Salmon has developed its own format, the Dynamic Replenishment System, that is designed to compensate for the special problems that cosmetics pose.
The Estee Lauder Cos. seized the high ground in the struggle over inventory control by building its own mountain top. During the last three years, Lauder developed its own computer program. Instead of leaving it up to the stores to generate repurchase orders, the company issues its own, based on sell-through data sent from retailers.
John Corrigan, senior vice president of global information services at Lauder, said the firm is collecting sell-through data from about 80 percent of its distribution of over 2,000 department store doors. Lauder’s computer in the company’s plant in Melville, N.Y., now issues replenishment orders for 40 percent of the Clinique business and over 20 percent of Lauder orders, Corrigan estimated.

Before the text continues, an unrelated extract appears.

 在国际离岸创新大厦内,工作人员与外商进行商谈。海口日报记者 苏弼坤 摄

The company adapted the typical retail system by building a 52-week business profile based on the undulations in the rate of sale, including promotions. Products were organized in groups, based on sell-through, to take into account various rates of sale.
“We felt that we wanted to invest in the business and make it precise, but this is a painful process,” Corrigan said, referring to the hugeness of the undertaking and the resultant changes in corporate culture. “Either we do it,” he added, “or they do it to us.”

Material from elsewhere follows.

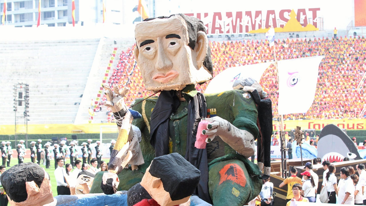 หุ่นทหารชุดเขียวเนื้อตัวเต็มไปด้วยสติกเกอร์ มือถือแปรงซักผ้า กำลังขัดล้างหุ่นสวมเสื้อเหลือง-แดง-ฟ้า ในกะละมัง สื่อถึงทหารที่ทำความสะอาดพวกที่ไม่ทำความสะอาดตัวเอง หนึ่งขบวนพาเหรดฟุตบอลประเพณีจุฬาฯ-ธรรมศาสตร์.

The wealth of precise sell-through information gives stores the ability to prune inventories, but retailers and their vendors do not envision an editing frenzy.
“We’ll do what is right to generate the business,” said Pat Galliers, vice president of replenishment at Federated.
Alfonso Lopez, president of Tsumura International, based in Secaucus, N.J., agreed.
“What a department store offers is broadness and selection,” he said. “If you try to go narrow and deep and carry four sku’s, you will damage your business. Part of the excitement is in the flavoring. It’s a delicate balance.”
Philip Shearer, general manager of Cosmair’s LancOme division, observed that many of the slow-moving sku’s, particularly shades with low consumer demand, are necessary to help form the “attitude” of the brand.
“The overall palette is the attraction,” he said. “Otherwise we would all end up in the middle.”
Mastering the new technology will be a long and laborious process, he said, adding, “We are moving forward cautiously.”